----- Data for the task -----
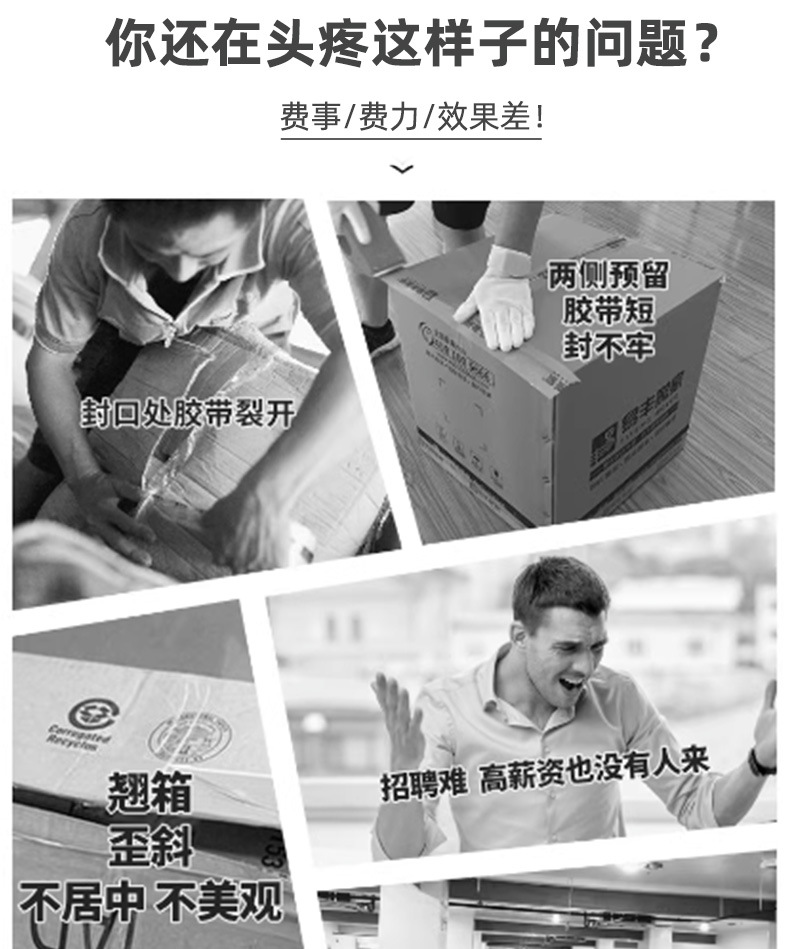 - 節省人力成本:由于實現了高度自動化,減少了人工操作環節,降低了對人工的依賴。原本需要人工完成的封箱和打包工作,現在可以由機器高效完成,從而節省了大量的人力成本,同時也減少了因人工操作失誤而導致的包裝質量問題。
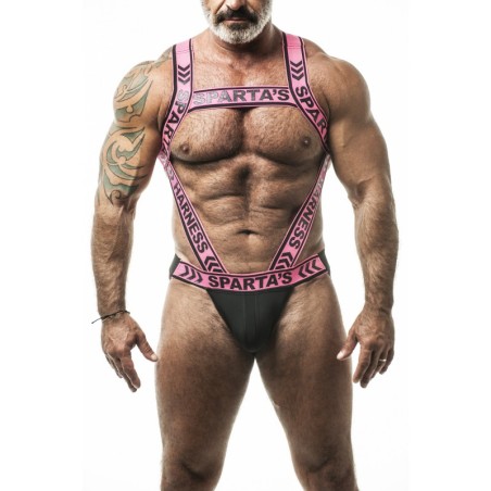 Jockstrap en néoprène noir.Bandes élastiques noires et roses qui met en valeur le buste. Composition : 80% Polyamide, 20% Élasthanne
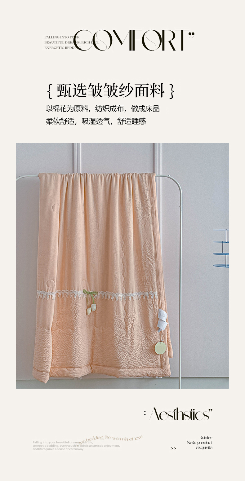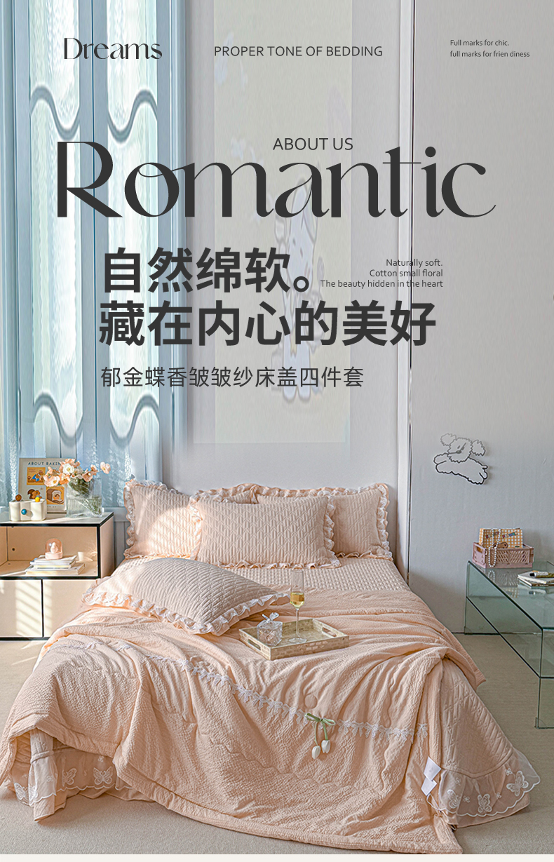 商品名称:源舜家纺 2025新款郁金蝶香皱皱纱床盖夏被四件套 玉色
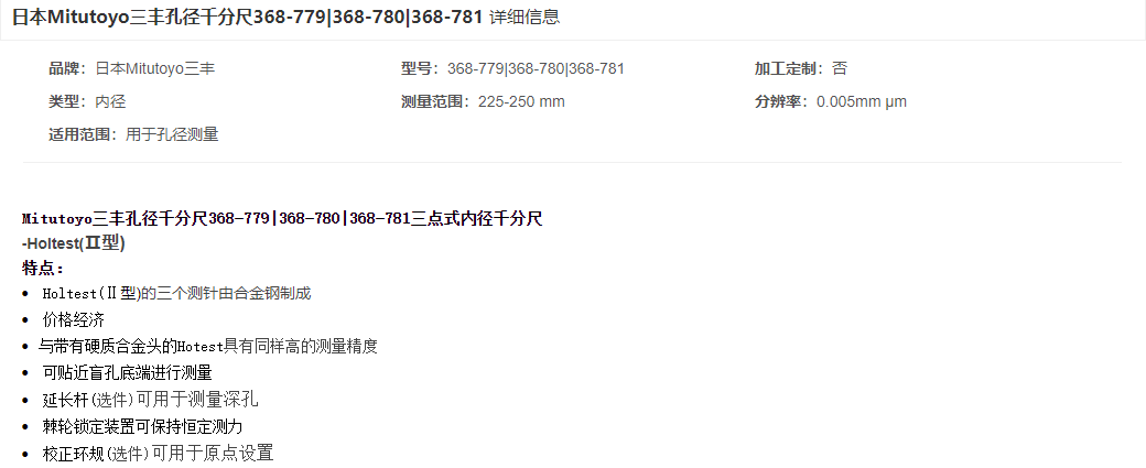 本網(wǎng)頁所展示的有關(guān)【三豐 368-779|368-780|368-781孔徑千分尺】的信息/圖片/參數(shù)等由的會員【日本三豐mitutoyo-深圳柏萊科技有限公司 】提供,由柏萊儀器網(wǎng)-專業(yè)銷售儀器儀表服務(wù)商-深圳柏萊科技有限公司會員【日本三豐mitutoyo-深圳柏萊科技有限公司 】自行對信息/圖片/參數(shù)等的真實(shí)性、準(zhǔn)確性和合法性負(fù)責(zé),本平臺(本網(wǎng)站)僅提供展示服務(wù),請謹(jǐn)慎交易,因交易而產(chǎn)生的法律關(guān)系及法律糾紛由您自行協(xié)商解決,本平臺(本網(wǎng)站)對此不承擔(dān)任何責(zé)任。您在本網(wǎng)頁可以瀏覽【三豐 368-779|368-780|368-781孔徑千分尺】有關(guān)的信息/圖片/價(jià)格等及提供 【三豐 368-779|368-780|368-781孔徑千分尺】的商家公司簡介、聯(lián)系方式等信息。
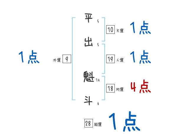 平出魁斗さんの画数の鑑定結果
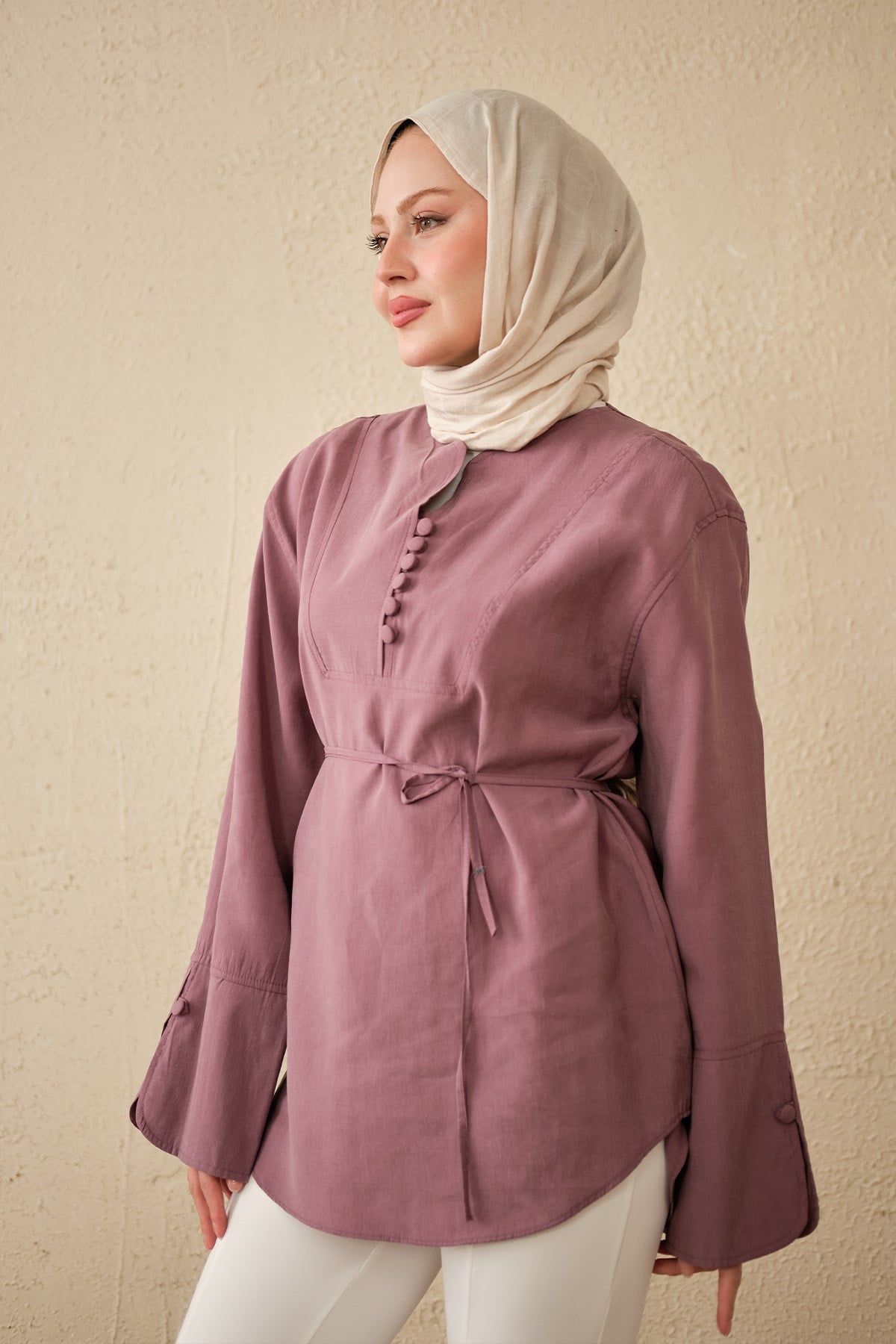 Önü Çoban Düğmeli Bel Bağlamalı Tunik Mürdüm
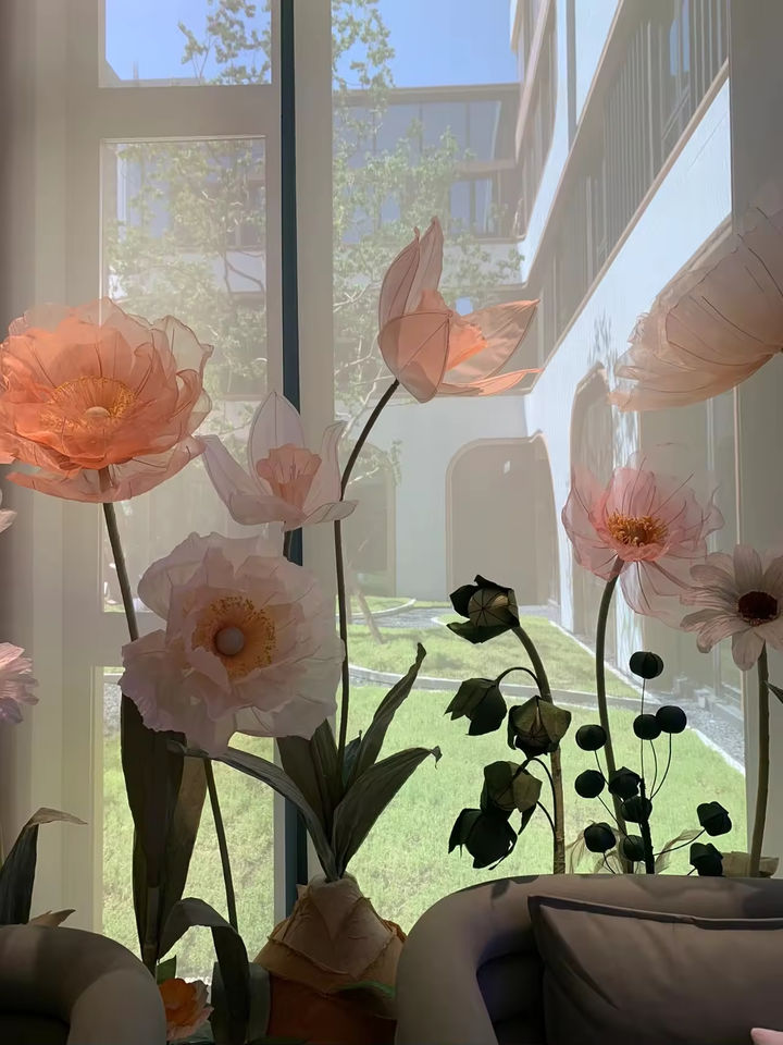 Nom du produit:Fleur de coquelicot en organza géante faite à la main pour la décoration de magasin de fenêtre de mariage
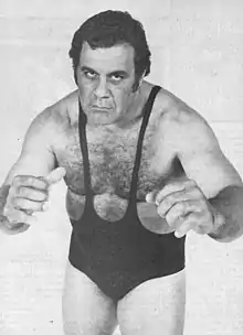 Mosca was brought into wrestling by Montreal promoter Eddie Quinn.[4] He began wrestling in the off-season, and became a full-time wrestler after his retirement from football.[4] He wrestled all across North America, always at or near the top of the card, and almost always as a heel, even in Toronto until the late 1970s, then he became a face, and in the early 1980s, the lead face.[4][3] He also wrestled in Verne Gagne's American Wrestling Association and in Stu Hart's Stampede Wrestling, where he was frequently paired with Superstar Billy Graham in tag team competition.[4] During the mid '70s and '80s, Mosca worked in the Carolinas, facing top stars such as Ric Flair, Wahoo McDaniel, Blackjack Mulligan, and Ivan Koloff.[3]
-----
_Task to complete_: Transcribe the listing exactly, skipping pictures.

_Result for this task_:
 - 節省人力成本:由于實現了高度自動化,減少了人工操作環節,降低了對人工的依賴。原本需要人工完成的封箱和打包工作,現在可以由機器高效完成,從而節省了大量的人力成本,同時也減少了因人工操作失誤而導致的包裝質量問題。
 Jockstrap en néoprène noir.Bandes élastiques noires et roses qui met en valeur le buste. Composition : 80% Polyamide, 20% Élasthanne
 商品名称:源舜家纺 2025新款郁金蝶香皱皱纱床盖夏被四件套 玉色
 本網(wǎng)頁所展示的有關(guān)【三豐 368-779|368-780|368-781孔徑千分尺】的信息/圖片/參數(shù)等由的會員【日本三豐mitutoyo-深圳柏萊科技有限公司 】提供,由柏萊儀器網(wǎng)-專業(yè)銷售儀器儀表服務(wù)商-深圳柏萊科技有限公司會員【日本三豐mitutoyo-深圳柏萊科技有限公司 】自行對信息/圖片/參數(shù)等的真實(shí)性、準(zhǔn)確性和合法性負(fù)責(zé),本平臺(本網(wǎng)站)僅提供展示服務(wù),請謹(jǐn)慎交易,因交易而產(chǎn)生的法律關(guān)系及法律糾紛由您自行協(xié)商解決,本平臺(本網(wǎng)站)對此不承擔(dān)任何責(zé)任。您在本網(wǎng)頁可以瀏覽【三豐 368-779|368-780|368-781孔徑千分尺】有關(guān)的信息/圖片/價(jià)格等及提供 【三豐 368-779|368-780|368-781孔徑千分尺】的商家公司簡介、聯(lián)系方式等信息。
 平出魁斗さんの画数の鑑定結果
 Önü Çoban Düğmeli Bel Bağlamalı Tunik Mürdüm
 Nom du produit:Fleur de coquelicot en organza géante faite à la main pour la décoration de magasin de fenêtre de mariage
 Mosca was brought into wrestling by Montreal promoter Eddie Quinn.[4] He began wrestling in the off-season, and became a full-time wrestler after his retirement from football.[4] He wrestled all across North America, always at or near the top of the card, and almost always as a heel, even in Toronto until the late 1970s, then he became a face, and in the early 1980s, the lead face.[4][3] He also wrestled in Verne Gagne's American Wrestling Association and in Stu Hart's Stampede Wrestling, where he was frequently paired with Superstar Billy Graham in tag team competition.[4] During the mid '70s and '80s, Mosca worked in the Carolinas, facing top stars such as Ric Flair, Wahoo McDaniel, Blackjack Mulligan, and Ivan Koloff.[3]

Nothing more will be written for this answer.